The end to one of the worst freight markets in history may be closer than it appears

The trucking industry is asking, “How much longer is the market going to remain in a recession?” (Photo: Jim Allen/FreightWaves)

On March 31, 2022, FreightWaves declared that a freight recession was imminent. More than two years later, the freight market remains in one of its deepest and longest recessions in history.

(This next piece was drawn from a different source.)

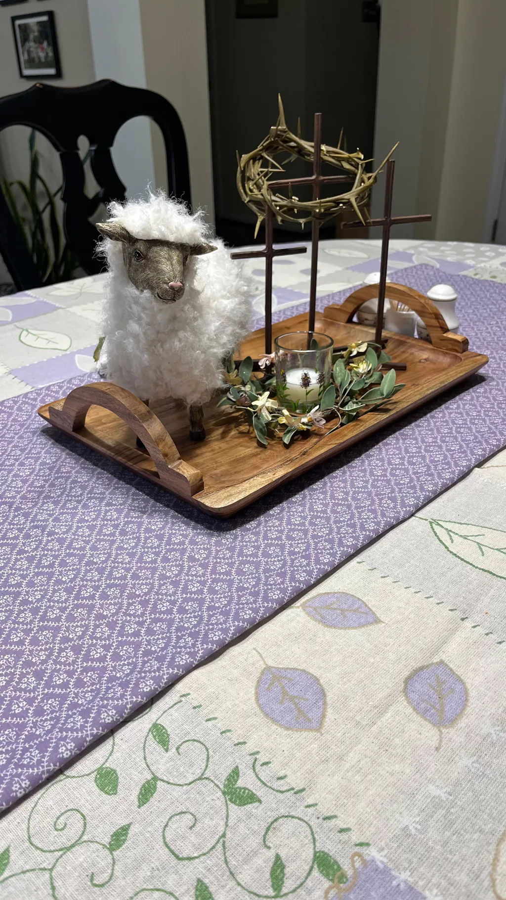 I ordered the Calvary crosses and crown of thorns and made a lovely kitchen table centerpiece. A beautiful reminder of Christ’s sacrificial love for us.

Our original conclusion was derived from signals from FreightWaves SONAR. Its high-frequency datasets, which track freight supply and demand in real-time, indicated an imminent collapse. When FreightWaves first published the article, many were not only skeptical of the conclusion, they derided FreightWaves for the call. Even after the recession took hold, few would have guessed that the freight downturn would be as deep or as long as it has been.

As we enter the third year of the Great Freight Recession, the trucking industry asks, “How much longer is the market going to remain in a recession?”

We believe that we are now at the bottom of the market.


SONAR’s Outbound Tender Rejection Index, or OTRI, measures the percentage of truckload transactions rejected by carriers. OTRI indicates that conditions are better than they were a year ago, albeit not by much.

Tender rejections are a highly reliable indicator of the balance of supply and demand. The higher the rejection rate, the more load options a carrier has. The lower the rate, the fewer load options a carrier has. While some will look at the absolute value of tender rejections, we also look at them in the context of where they have been.

Tender rejections are currently at 3.95%, up from the 2024 low of 3.39 on March 26 and up substantially from 2.88% a year ago.

The Outbound Tender Rejection Index. To learn more about FreightWaves SONAR, click here.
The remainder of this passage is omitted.